[Saved data entries]
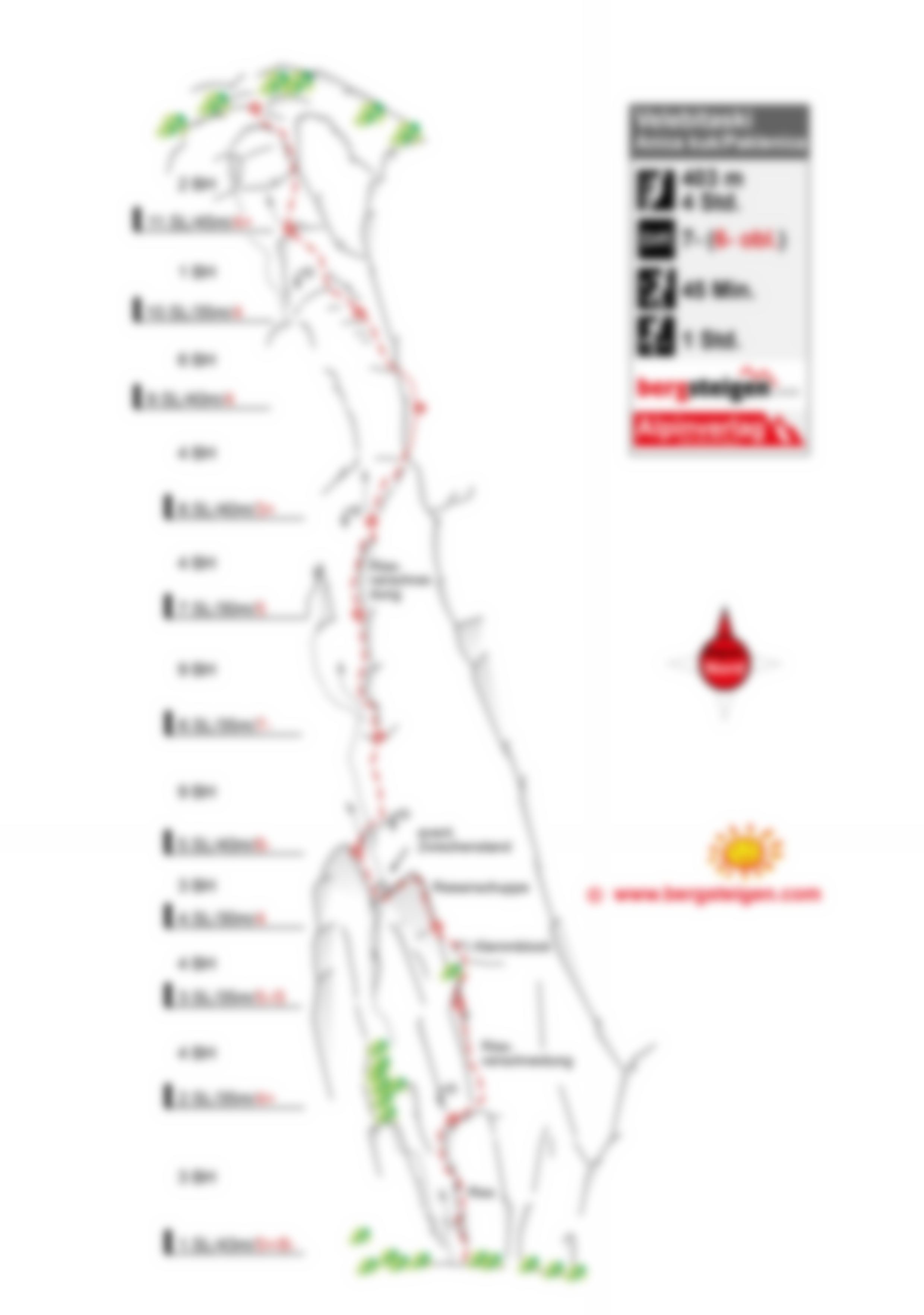 Vom Gipfel auf dem Normalweg (rote Punkte) zurück in die Schlucht und zum Ausgangspunkt.
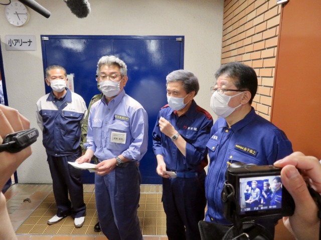 武田良太防災担当大臣「熊本県南部豪雨災害 ぶら下がり取材」(八代トヨオカ地建アリーナ)に同行
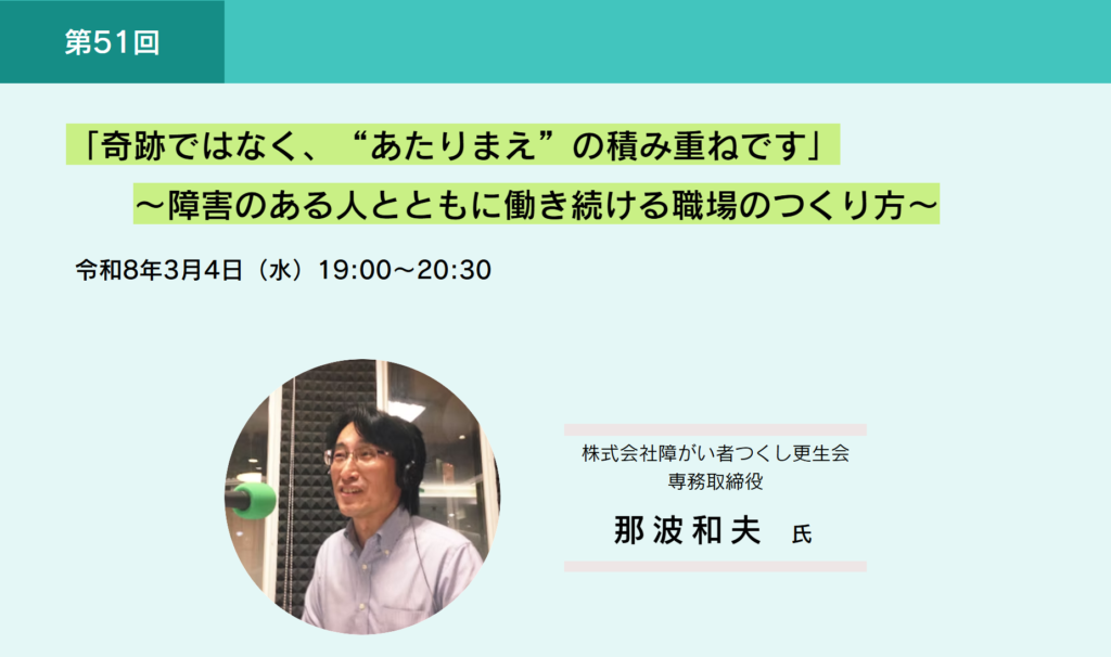 第51回「奇跡ではなく、“あたりまえ”の積み重ねです」 〜障害のある人とともに働き続ける職場のつくり方〜
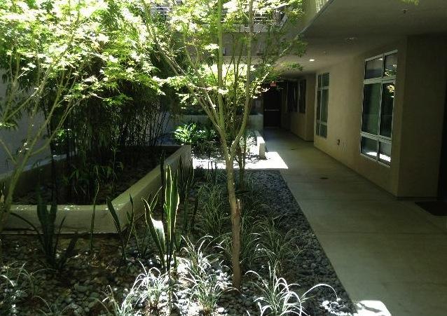 The Courtyard Garden is a tranquil green space open to the sky and located in the center of Metropol. The lush setting was designed to enhance privacy for the residences with select Japanese Maple Trees, Bamboo, rocks and semi-deciduous plants.
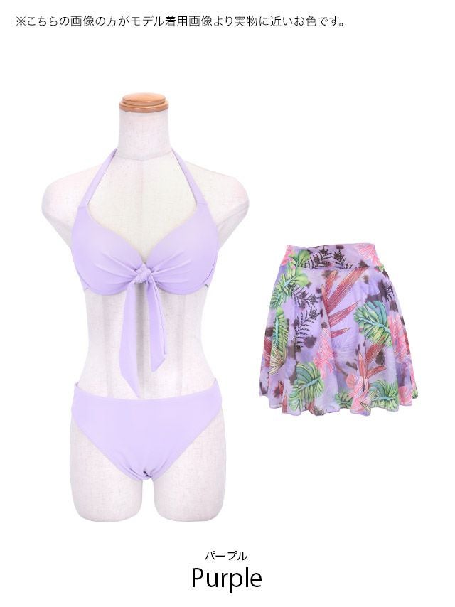 ホルターネックリボン体型カバーニュアンスリーフ柄スカートセクシービキニの色展開
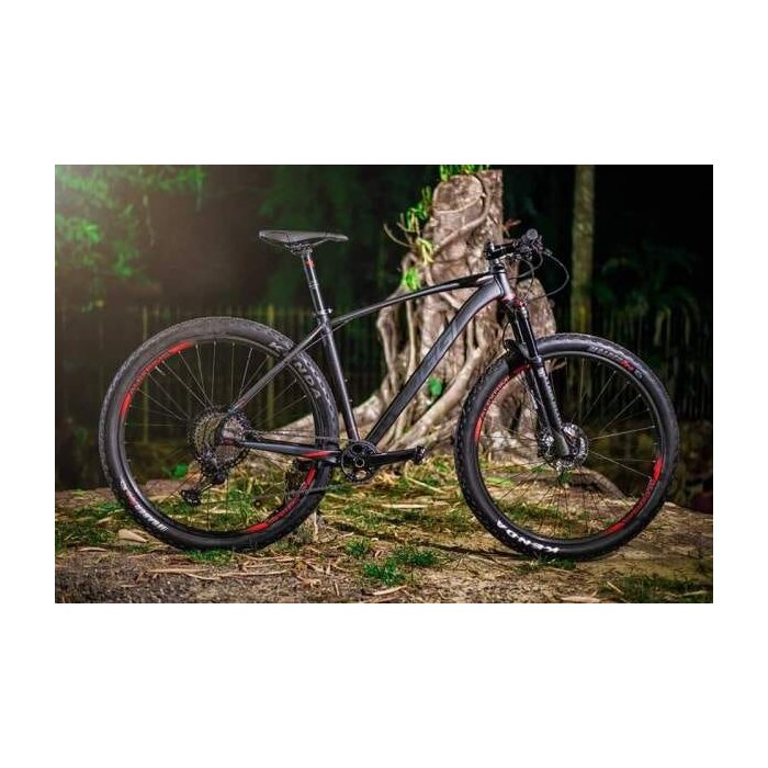 Bicicleta aro 29", com NOVO quadro de alumínio triple butted, com cabeamento interno, agora com eixo de 148mm (BOOST), movimento central PRESSFIT e garantia vitalícia, 12 velocidades 100% XT (cassete 10/51), coroa 32D, Suspensão Manitou Machete com eixo de 15mm (BOOST), pneu Kenda Saber Pro 2.35 de Kevlar e Tubeless, Aros AlexRims 2.4 vai com pedal Clip.
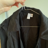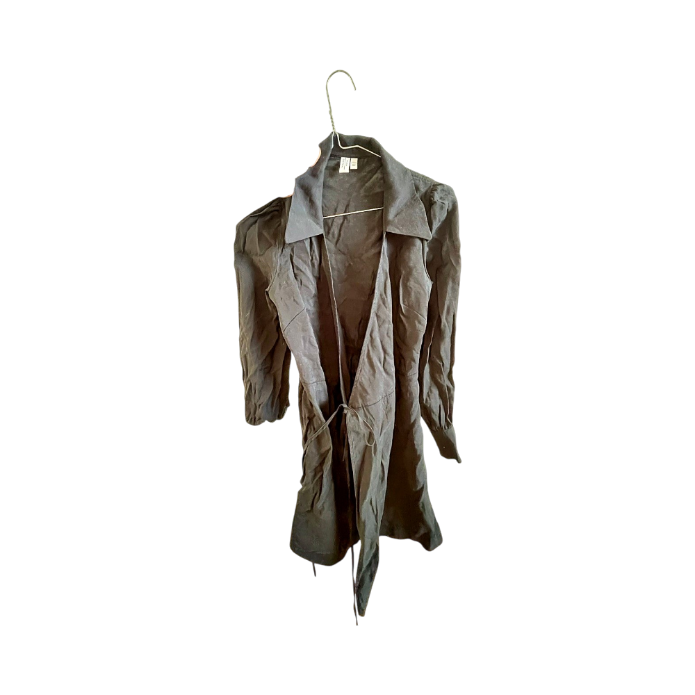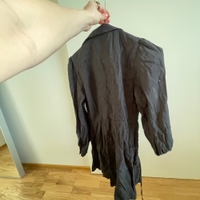 Pitkät hihat, kaulus ja vyötäröllä solmittava nauha. Sopii arkeen, toimistolle tai illanviettoon.
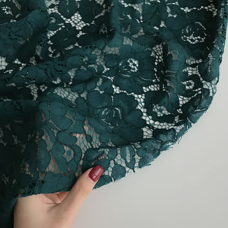 Неймовірно елегантний гіпюр насиченого бірюзово-смарагдового тону з об’ємним квітковим візерунком круглої форми, обробленим кордовою ниткою, стане ідеальним вибором для святкового, вечірнього або коктейльного вбрання.
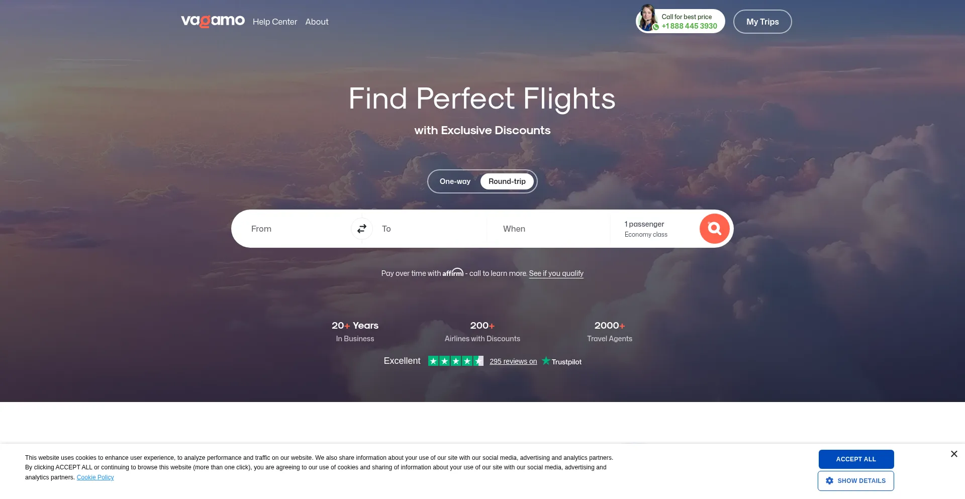 Find and book the best flight deals with Vagamo. Compare exclusive airfares, secure low-cost tickets, and enjoy hassle-free booking with expert travel support
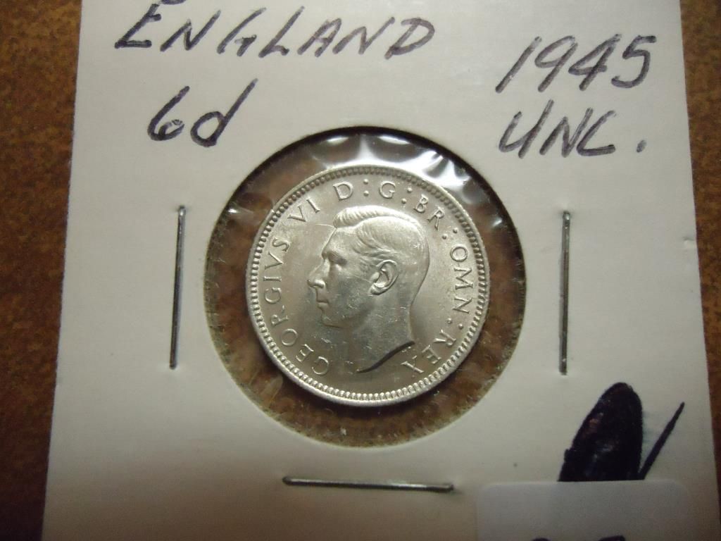 1945 GREAT BRITAIN SILVER 6 PENCE (UNC)

YOUR TASK -
The data must be repeated exactly. Any pictures in it are to be left out.

RESPONSE BOX -
 Vom Gipfel auf dem Normalweg (rote Punkte) zurück in die Schlucht und zum Ausgangspunkt.
 武田良太防災担当大臣「熊本県南部豪雨災害 ぶら下がり取材」(八代トヨオカ地建アリーナ)に同行
 第51回「奇跡ではなく、“あたりまえ”の積み重ねです」 〜障害のある人とともに働き続ける職場のつくり方〜
 The Courtyard Garden is a tranquil green space open to the sky and located in the center of Metropol. The lush setting was designed to enhance privacy for the residences with select Japanese Maple Trees, Bamboo, rocks and semi-deciduous plants.
 ホルターネックリボン体型カバーニュアンスリーフ柄スカートセクシービキニの色展開
 Bicicleta aro 29", com NOVO quadro de alumínio triple butted, com cabeamento interno, agora com eixo de 148mm (BOOST), movimento central PRESSFIT e garantia vitalícia, 12 velocidades 100% XT (cassete 10/51), coroa 32D, Suspensão Manitou Machete com eixo de 15mm (BOOST), pneu Kenda Saber Pro 2.35 de Kevlar e Tubeless, Aros AlexRims 2.4 vai com pedal Clip.
 Pitkät hihat, kaulus ja vyötäröllä solmittava nauha. Sopii arkeen, toimistolle tai illanviettoon.
 Неймовірно елегантний гіпюр насиченого бірюзово-смарагдового тону з об’ємним квітковим візерунком круглої форми, обробленим кордовою ниткою, стане ідеальним вибором для святкового, вечірнього або коктейльного вбрання.
 Find and book the best flight deals with Vagamo. Compare exclusive airfares, secure low-cost tickets, and enjoy hassle-free booking with expert travel support
 1945 GREAT BRITAIN SILVER 6 PENCE (UNC)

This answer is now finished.